Leçon nº 5 : Acheter une maison dans la mesure de leurs moyens

  • Ne pas trop s’endetter lors de l’achat d’une résidence. Il est toujours bon de démontrer (sur papier) à ses clients la part de capital et d’intérêt qui se rembourse au cours des années. Se bâtir de l’avoir n’est pas aussi rapide qu’on peut le croire. Ne pas oublier de tenir compte des autres frais que l’on doit ajouter à son hypothèque (assurances, taxes foncières, rénovations urgentes, etc.).
  • Attention à la part des paiements sur le revenu brut. L’hypothèque ne doit pas accaparer une part trop importante des revenus de vos clients. De même, les prix des maisons croissent généralement lentement (2-3% par année), tout comme le taux d’inflation…

Leçon nº 6 : Acheter une couverture d’assurance à bon prix

  • Assurance vie : vos clients qui ont de jeunes enfants devraient envisager de s’en procurer une. Même chose dans le cas d’un conjoint qui dépend du revenu de l’autre pour payer les factures. Magasiner son assurance, ça en vaut bien souvent la peine.
  • Assurance auto : les prix varient beaucoup d’une compagnie à l’autre. Il faut négocier et demander les escomptes accordés (historique de conduite, peu de kilométrage, plusieurs voitures ou diverses assurances au même endroit).  
  • Assurance habitation : beaucoup de gens dans ce domaine s’assurent trop. Il vaut parfois la peine de monter sa franchise et payer de sa poche les petites réclamations. Les primes peuvent alors être beaucoup plus basses. En fait, il s’agit d’assurer les coûts de reconstruction de la bâtisse et son intérieur, mais pas pour le terrain.

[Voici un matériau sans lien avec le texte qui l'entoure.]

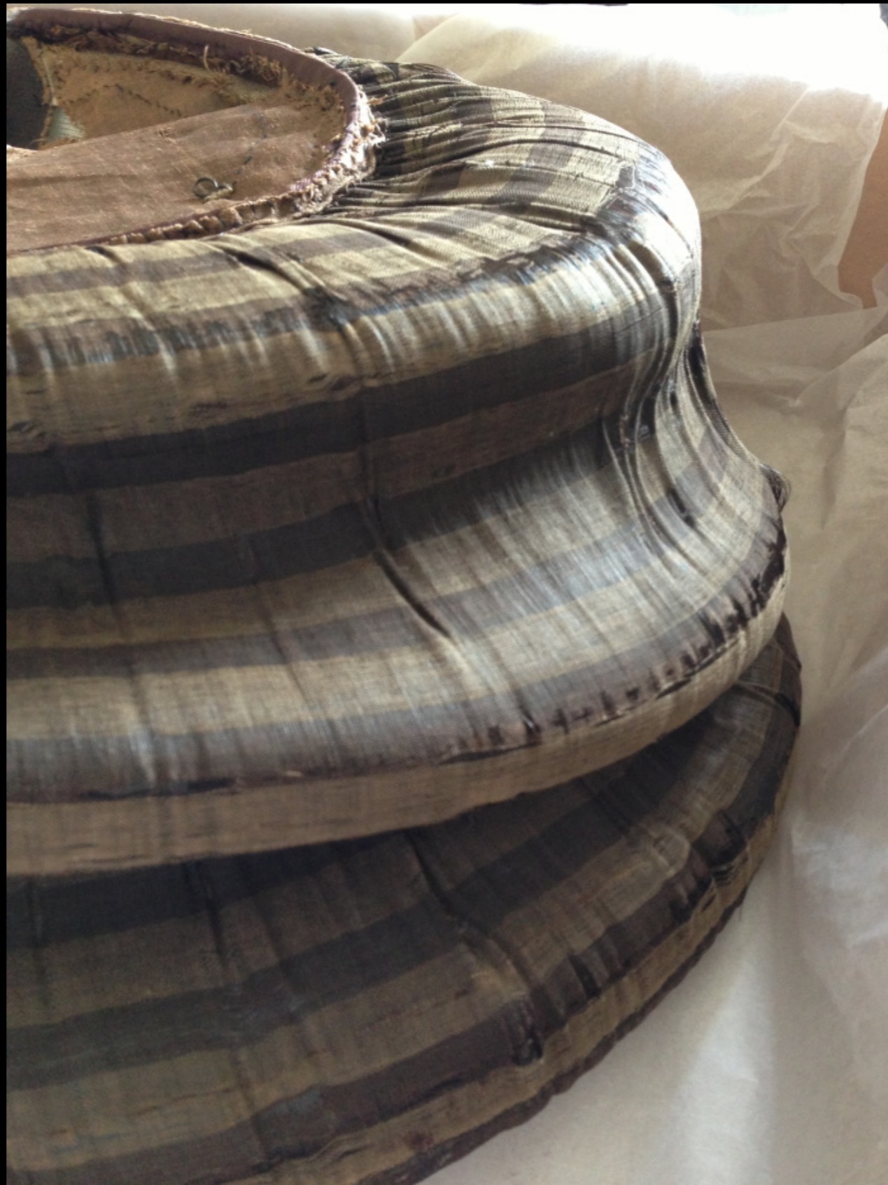
English Side Hoops Linen, Horsehair & Metal c. 1750 - 1760 (Snowhill Wade Costume Collection, Gloucestershire)
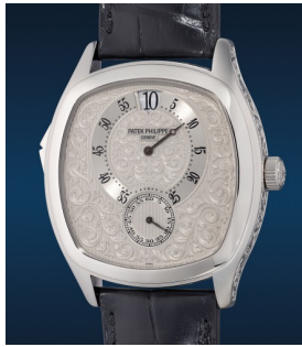
891 Patek Philippe An exceptional and rare limited ... Estimate HK$2,500,000 — 4,700,000

Hong Kong Auction / 24 November 2023 / 3pm HKT
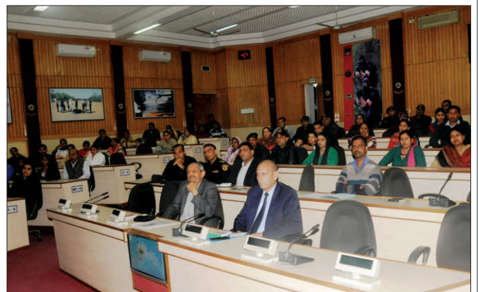
WE ARE ALWAYS WITH YOU

A clientele meet was organised in the Manesar Garrison on 07 Jan 17 to obtain a direct feedback about the various administrative issues of all ranks with a view to improve the quality of life.
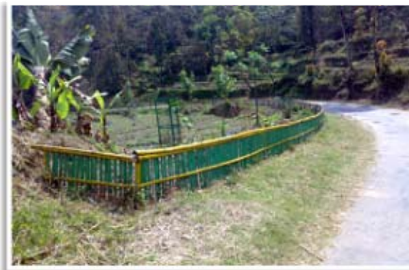
Protective Fencing along the roadside plantation at West Sikkim
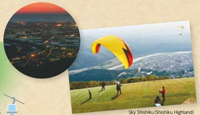
Festival Float Museum (exhibiting floats used during the Horai festival)
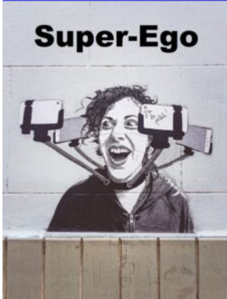
EGO December 16, 2021
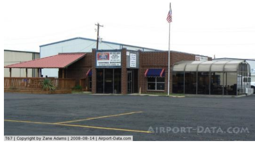
Hicks Field Ft. Worth, TX (T67) -- Rio Concho Cafe. Open Tuesday - Saturday, 11AM - 2PM, and Sundays 8AM - 3PM.
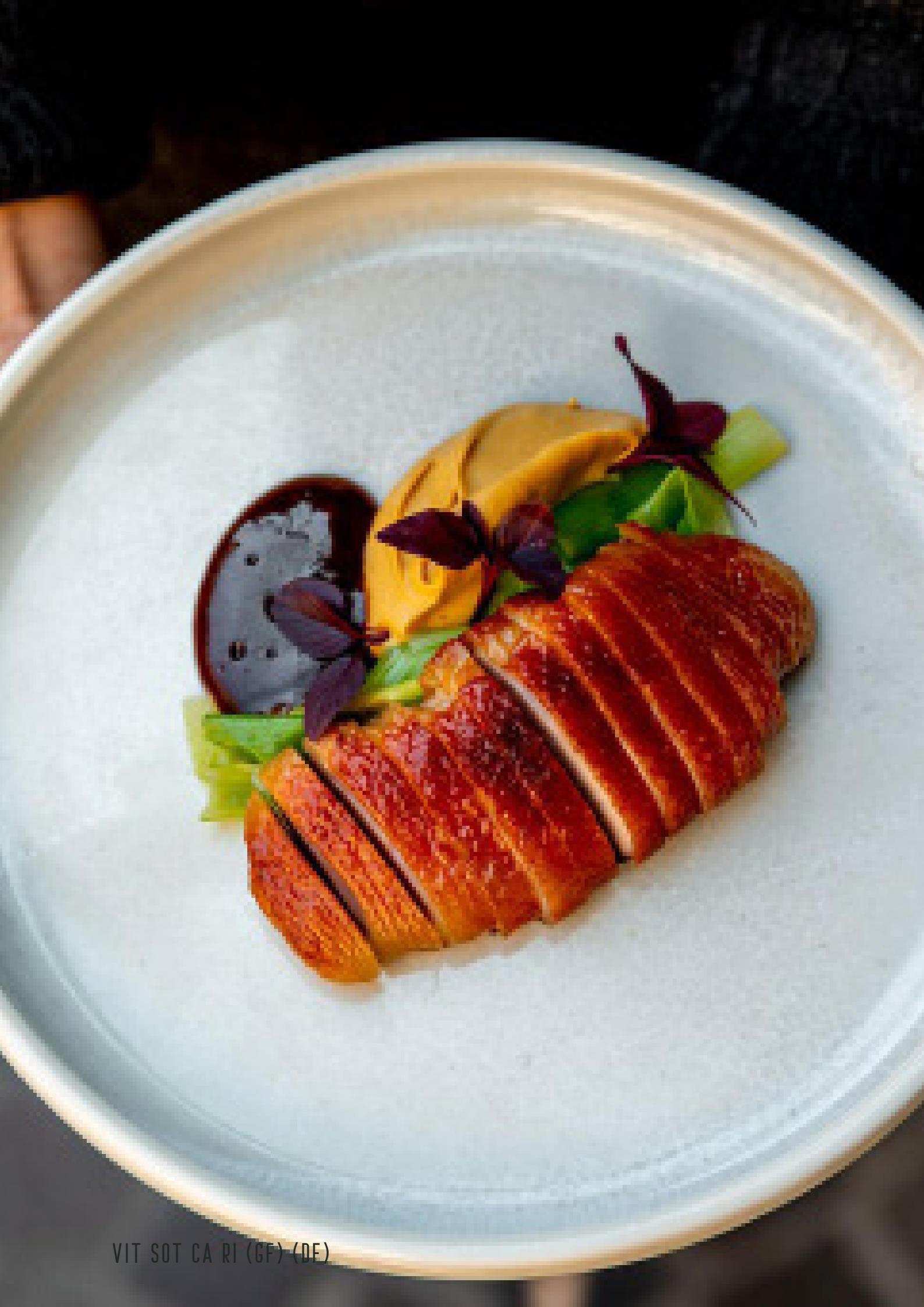
VIT SOT CA RI (GF) (DE)
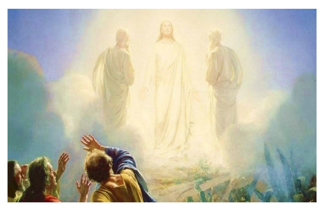
Who is this Jesus?
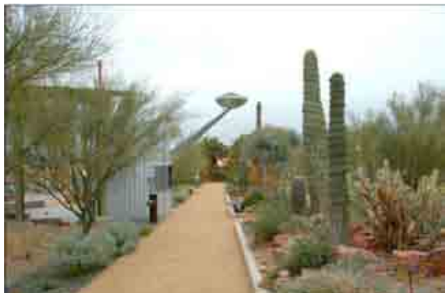
Xeriscape Las Vegas Springs Preserve
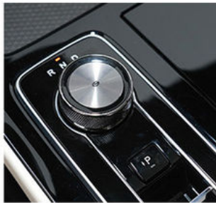
Switch Key Of Economic Mode And Sport Mode
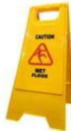
CAUTION SIGN BOARD C-208
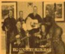
Big Country Bluegrass (Saturday)
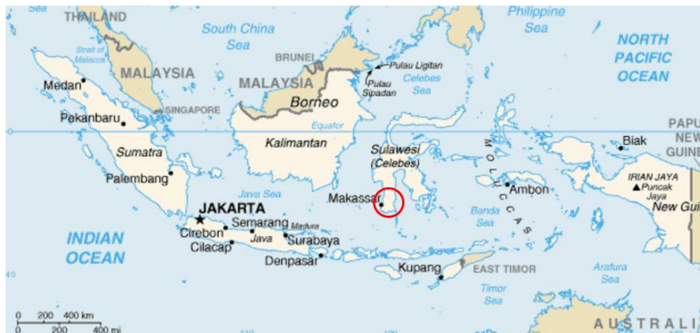
Fig 1. Location of Survey Roads in South Sulawesi as indicated by the circle, Indonesia [6]

As one of the areas with a quite congested movement between regions, South Sulawesi has the opportunity to run a traffic accident. For the road sections of this study focus, which have heavy movement, the traffic accident's occurrence is possible. Besides, it is influenced by the condition of the geometric features covering along the road section that increases the probability of traffic accidents, both on a straight or bend road, descend or upward, median provisioning, and road roughness / IRI condition. Thus, this study analyzes the significant factors of geometric road features on the fatality rate of traffic accidents in South Sulawesi, especially in the four roads, namely Jeneponto-Bantaeng, Bantaeng-Bulukumba, Bulukumba-Tondong, and Sengkang-Impa-impa.
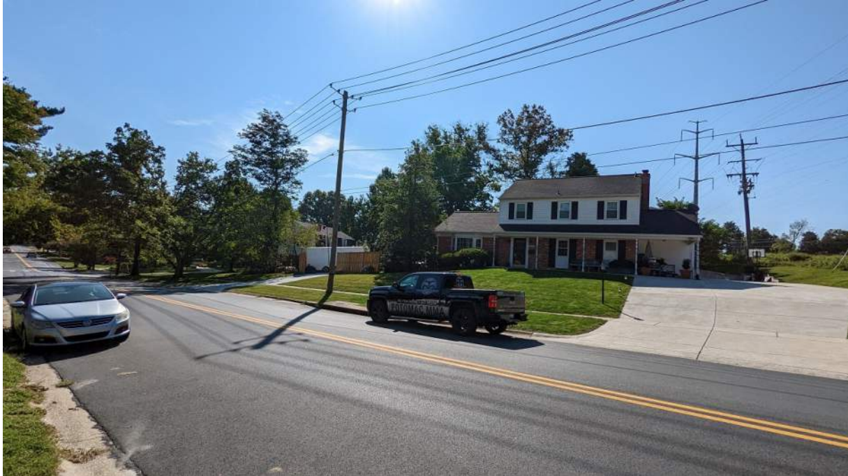
Street View of subject property
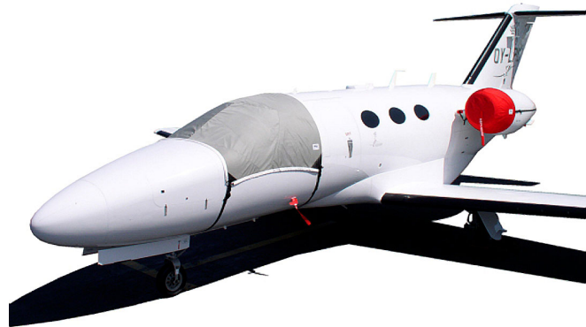
Cessna 510 Cockpit Cover extends to cover door Citation Mustang Windshield Cover, Intake Cover/Exhaust Plug Set, Pitot Covers

Leçon nº 7 : Investir intelligemment 

  • Avoir des actions dans son portefeuille, c’est important : même si les rendements de cette catégorie d’actifs ont souffert au cours de la dernière année, historiquement les actions offrent un rendement supérieur aux autres classes. Pour éviter de perdre le sommeil, il est bon d’investir tous les mois ou les trimestres afin d’avoir un coût moyen qui s’ajuste avec les aléas du marché. Ces prélèvements automatiques évitent les coups de tête et la tentation de vendre quand le marché descend et d’acheter quand le marché monte.
  • Connaître son aversion au risque : chez nos voisins du Sud, les financiers proposent souvent (pour trouver la portion d’actions à mettre dans le portefeuille) de soustraire l’âge du chiffre 100. Ainsi, une personne de 40 ans investira (100 – 40) 60 % du portefeuille en actions. Il faut également bien diversifier cette classe d’actifs (à l’étranger, avec de petites et de plus grandes capitalisations, dans différents secteurs de l’économie).
  • Investir dans un fonds indiciel : il est parfois plus simple (et moins coûteux) d’investir dans un tel fonds en raison de la diversification intéressante qu’il offre.

Adaptation d’un texte de Janet Bodnar, éditrice de Kiplinger’s Personnal Finance.